Eight top tips for parents gifting money to children

Christina Hoghton
Written By:
Christina Hoghton
Posted:
Updated:
16/08/2018

The Bank of Mum and Dad is enormous, but many parents are still confused over the rules on giving a lump sum to their children

Over three quarters (76%) of all parents aged 55 and over find gifting rules complicated and are concerned about making a mistake, according to Key.

The equity release firm found that nearly a quarter (24%) worry they don’t have the knowledge to make the right financial decisions as the Bank of Mum and Dad.

In addition, 78% would welcome tax incentives for gifting to children providing the money is used for major life events, such as a first property purchase, university fees or to clear debt.

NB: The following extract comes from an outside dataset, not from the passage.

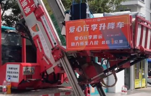 因为新生数量较多,学校虽然也组织了很多老生来当志愿者,但完全依靠志愿者人力搬运行李不太现实,于是该校后勤处决定采取低楼层用人力搬运,而 3 楼以上用升降车的办法。
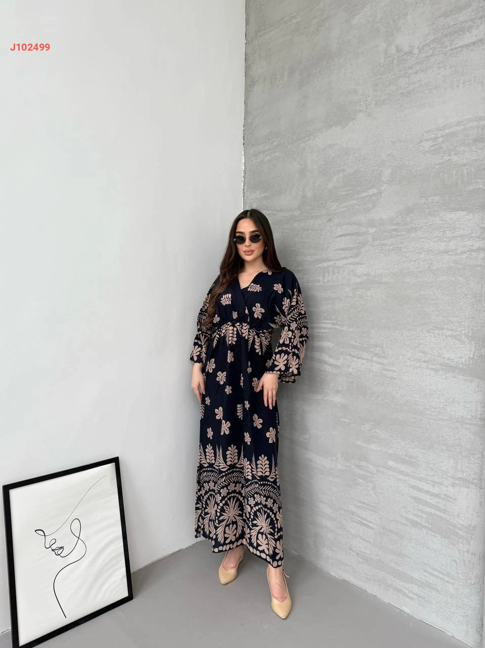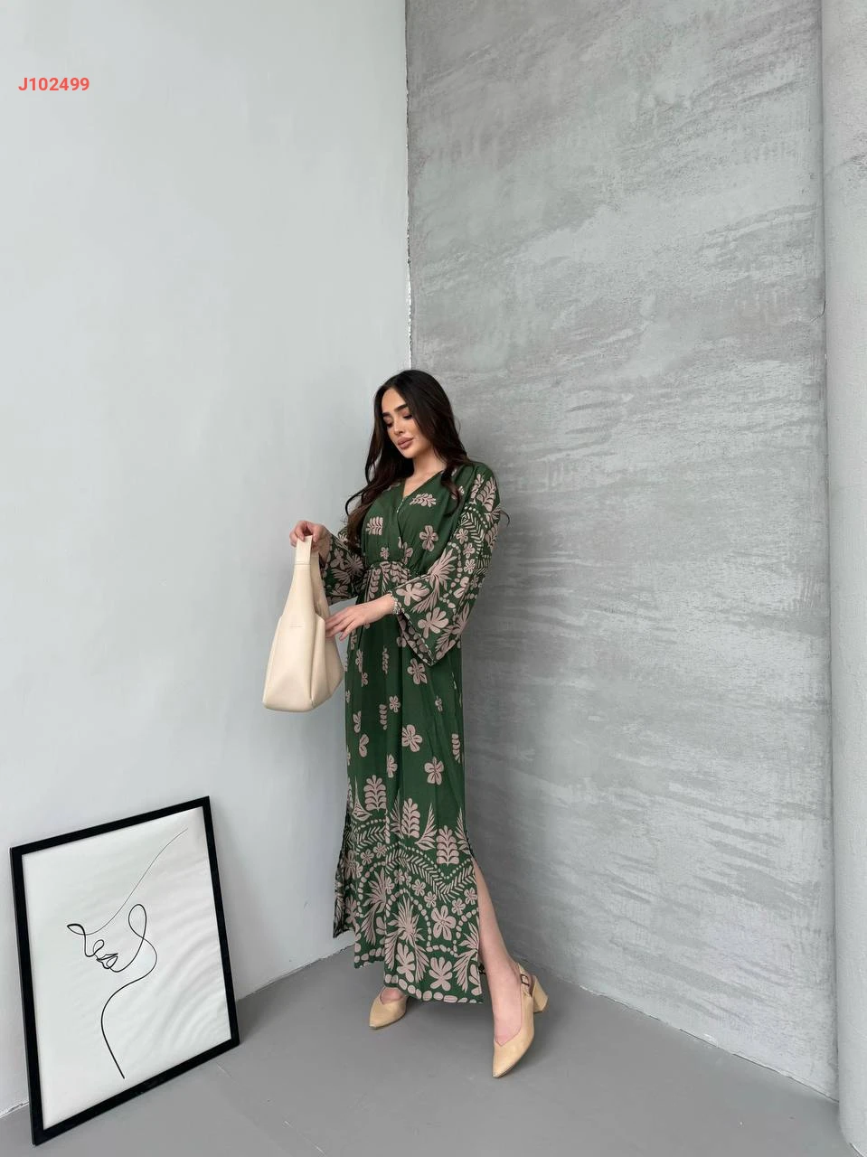 فستان طويل منقوش بفتحات جانبية

Dean Mirfin, chief product officer at Key, said: “Older homeowners in the UK own as much as £1 trillion in housing wealth according to our estimates and are also likely to have generated significant pension wealth as well as other retirement savings. The challenge for parents wishing to lend or gift money is to decide which assets are the most appropriate and most tax-efficient for gifting. We believe advice is key.”

What you should do

Mirfin has developed some top tips for parents considering loaning or gifting to their children and grandchildren:

1. First of all, it’s good to talk. Money can be a taboo subject. Don’t let it be. Talk about exactly what you can afford and what is fair. Make sure it is clear from the beginning whether the money you are giving is a gift or a loan. It can be confusing and could lead to an embarrassing conversation if this is unclear from the start.

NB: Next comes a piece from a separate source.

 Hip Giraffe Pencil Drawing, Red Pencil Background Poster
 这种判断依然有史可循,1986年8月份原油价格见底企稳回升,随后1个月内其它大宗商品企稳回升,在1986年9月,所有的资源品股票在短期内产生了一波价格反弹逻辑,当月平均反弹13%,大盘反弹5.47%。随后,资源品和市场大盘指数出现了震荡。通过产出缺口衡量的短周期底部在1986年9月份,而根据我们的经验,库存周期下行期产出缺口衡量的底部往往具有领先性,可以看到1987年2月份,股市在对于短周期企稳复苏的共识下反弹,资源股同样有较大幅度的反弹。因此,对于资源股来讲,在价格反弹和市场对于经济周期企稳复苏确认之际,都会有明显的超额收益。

2. Seek professional advice. Independent financial advice and also legal advice will give you the peace of mind that you are making the right decisions.

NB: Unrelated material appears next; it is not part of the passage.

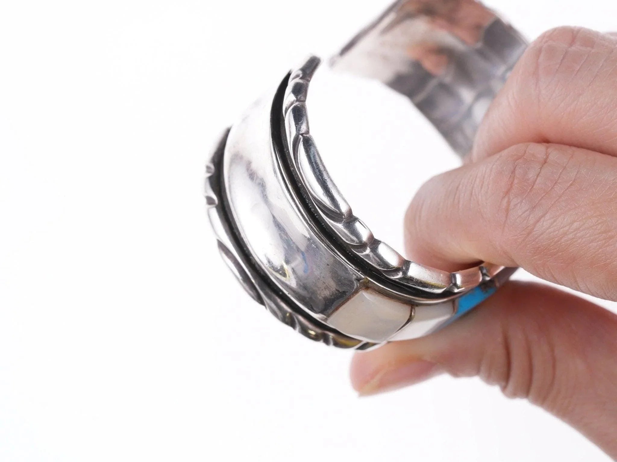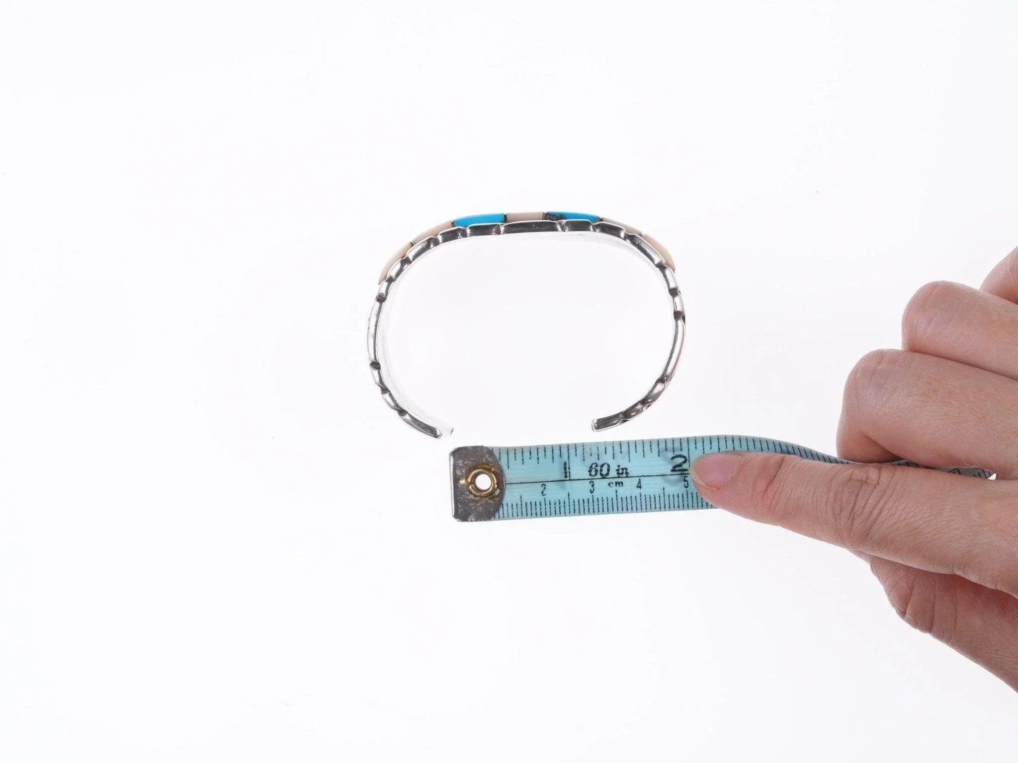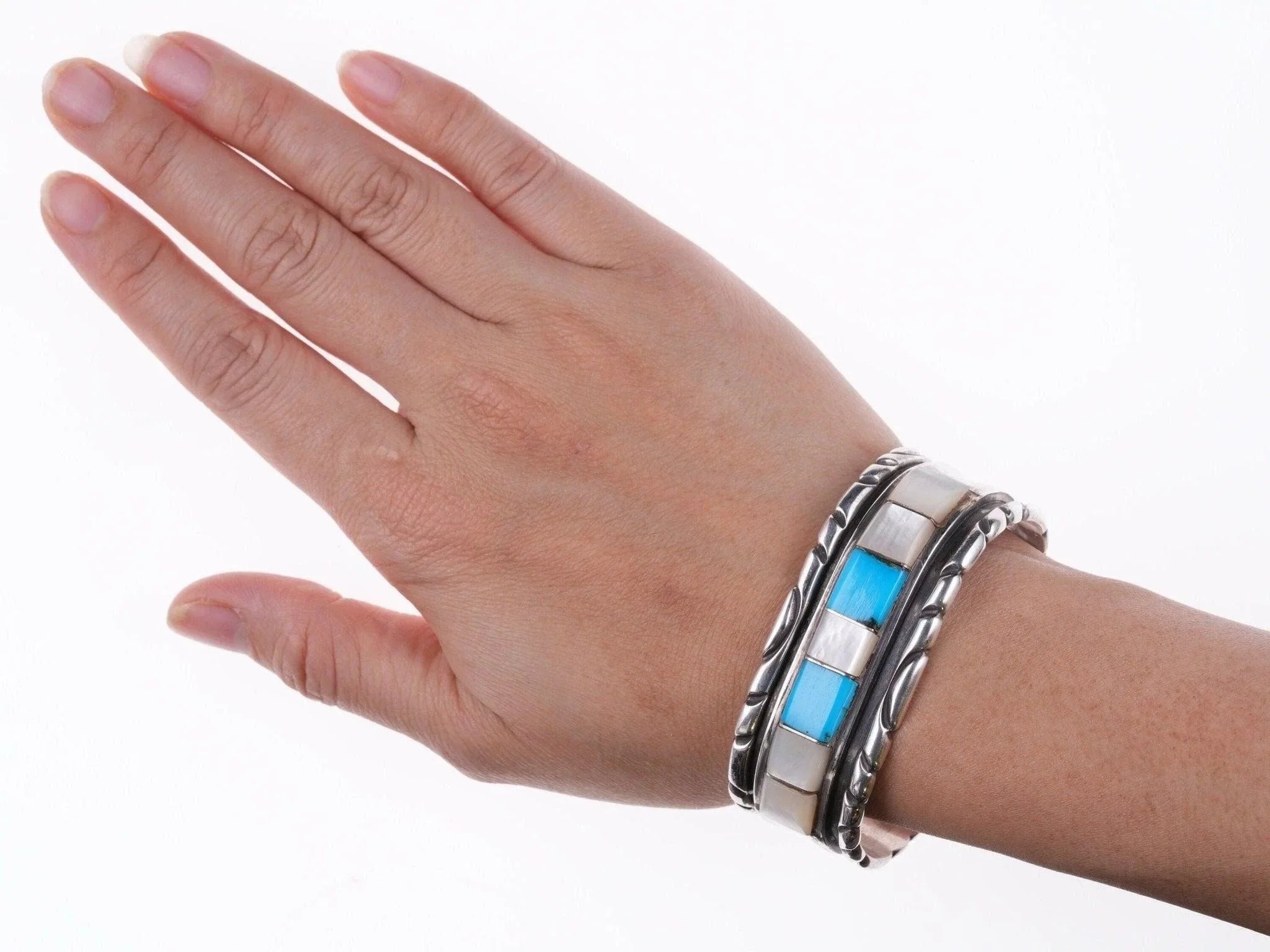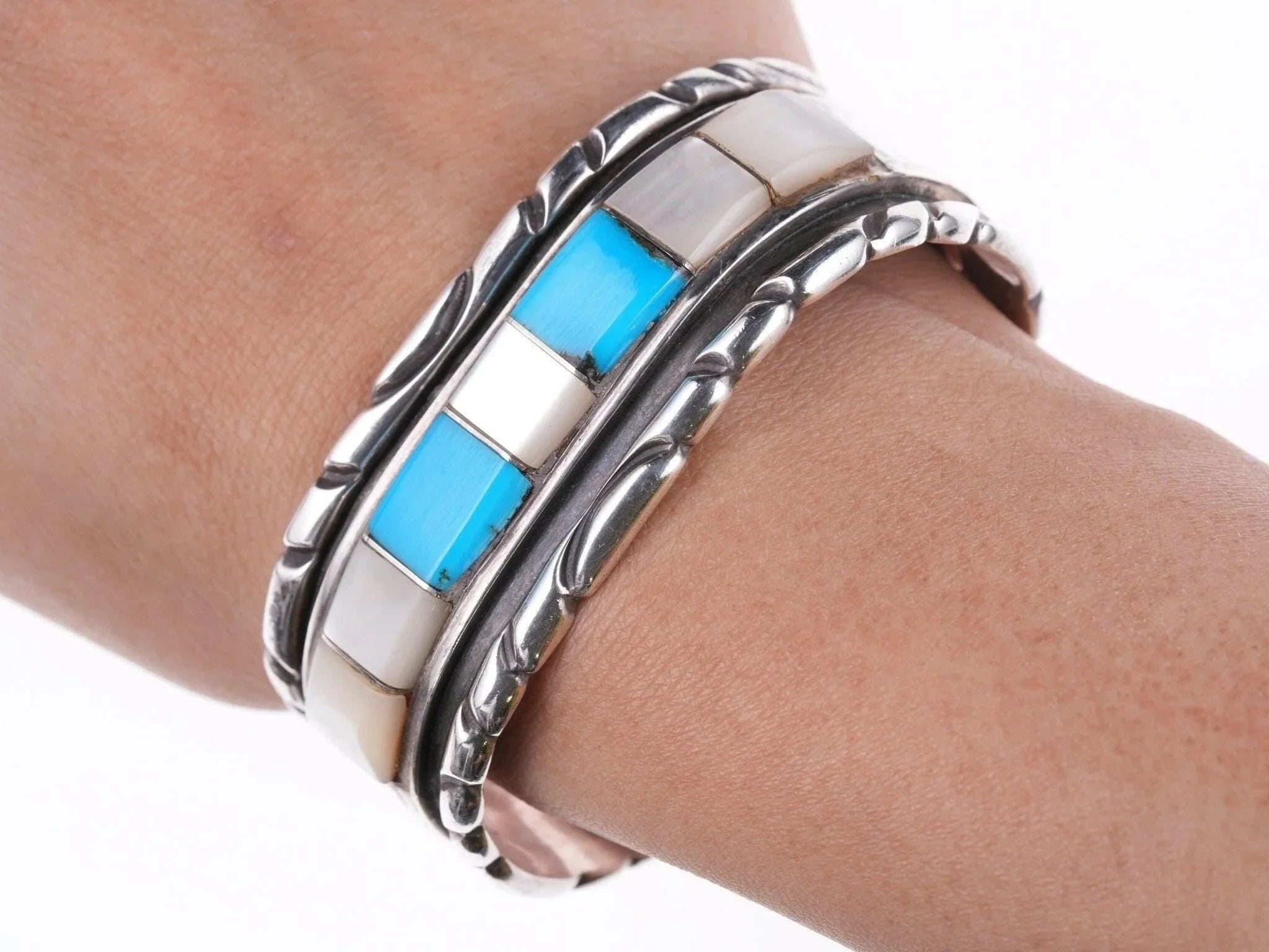 6.5" Vintage Native American silver - Turquoise and mother of pearl channel inlay bracelet. No issues, nice vintage bracelet.

3. It’s also important for the recipient to be open about who the money will benefit, i.e. spouses. We all know how complicated families can be so it’s important to be transparent from the beginning about who exactly will be receiving and benefitting from the money, particularly if it is going towards a joint house purchase.

4. If you are giving all or part of the money on a loaned basis, it is worth drawing up a contract outlining repayment terms. No matter how lenient or relaxed you may initially be about receiving the money back, circumstances can change and its useful to have the agreement in writing.

5. Don’t be afraid to say if you are intending for the money to be spent on something in particular, such as helping towards a property purchase. If you are giving the money to help towards a house deposit, consider helping the recipient put it into a Help to Buy ISA or releasing the money only when they’ve found the house they want to buy.

6. Be aware of tax implications. You can gift any amount of money you like to your children without being taxed immediately or potentially at all, however if you pass away within seven years of the transaction there could be tax implications.

7. Many older people have developed wealth from property, pension assets and other retirement savings including ISAs. It’s important, if you are considering a loan or gift, to consider which assets are best to access and this is where advice is vital.

8. Finally, think carefully about whether it is financially viable for you to gift money to family members. It’s vital to carefully consider your own financial future before thinking about gifting or loaning money. Your retirement income, potential cost of care and house refurbishments are the sorts of things to factor in to your decision. If you are unsure, seek the advice of a professional adviser.